The challenge of getting your child to apologize is real! Not only apologize but to feel it at a heart level. There are a few steps I walk my children through to help them to make a genuine apology and a behavior change.
Step 1: Ask them to apologize if they don’t freely do it on their own. This is the beginning of behavior change but some kids need prompting. Even if someone gets hurt and they didn’t do it, I encourage my children to say sorry and help them feel better. It shows that you care and that you have empathy for others.
Step 2: Help your child to understand the impact of their behavior has on others. Explain how behaviors hurt others and ask, “How would you feel if someone did that to you?” If the person they hurt is available I have them express their feelings.

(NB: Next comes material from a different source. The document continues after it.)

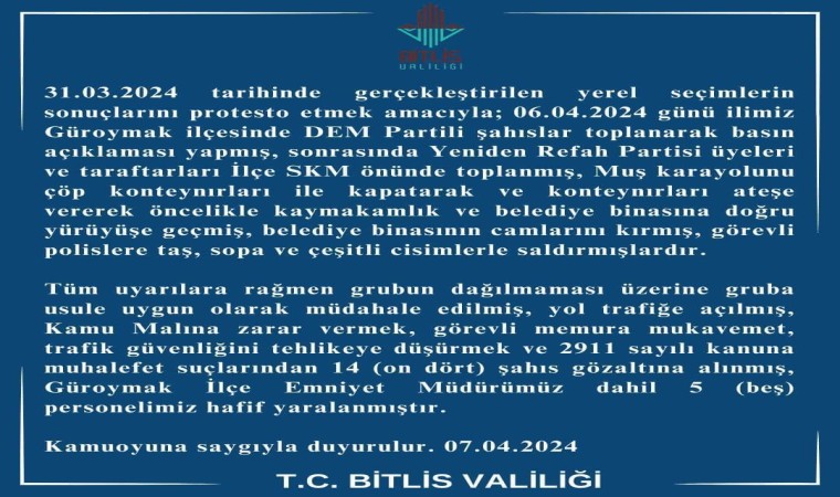 Olayla ilgili Bitlis Valiliğinin yaptığı açıklamada, “31.03.2024 tarihinde gerçekleştirilen yerel seçimlerin sonuçlarını protesto etmek amacıyla; 06.04.2024 günü ilimiz Güroymak ilçesinde DEM Partili şahıslar toplanarak basın açıklaması yapmış, sonrasına Yeniden Refah Partisi üyeleri ve taraftarları İlçe SKM önünde toplanmış, Muş karayolunu çöp konteynırları ile kapatarak ve konteynırları ateşe vererek öncelikle kaymakamlık ve belediye binasına doğru yürüyüşe geçmiş, belediye binasının camlarını kırmış, görevli polislere taş, sopa ve çeşitli cisimlerle saldırmışlardır. Tüm uyarılara rağmen grubun dağılmaması üzerine gruba usule uygun olarak müdahale edilmiş, yol trafiğe açılmış, Kamu Malına zarar vermek, görevli memura mukavemet, trafik güvenliğini tehlikeye düşürmek ve 2911 sayılı kanuna muhalefet suçlarından 14 (on dört) şahıs gözaltına alınmış, Güroymak İlçe Emniyet Müdürümüz dahil 5 beş personelimiz hafif yaralanmıştır” denildi.

This can make a huge impact when it comes from the person who was hurt.
Step 3: Find a replacement action that is appropriate. I ask my child what they feel would have been a better choice. Role-playing the expected positive behavior can make an impact as well. I oftentimes talk about consequences from school or the law, with my older children. For example, if my child punched someone, I explain that it’s assault and if it was in school you would be suspended from school. The police can arrest people for assault. It would go on your record and remain with you for the rest of your lives. Every time you apply for a job or rent a house a background check is made and your future employee would see you have an assault charge. I want my child to understand the impact their actions can make on their lives and their future.
Sometimes repetition of this process for the same actions may need to be made until they understand. Empathy for others should be a big goal in order to make a behavior change. The younger a child understands this process the easier it will be when they are older. Enjoy this stage! Soon they will be thanking you for all of your interventions. Love those kids!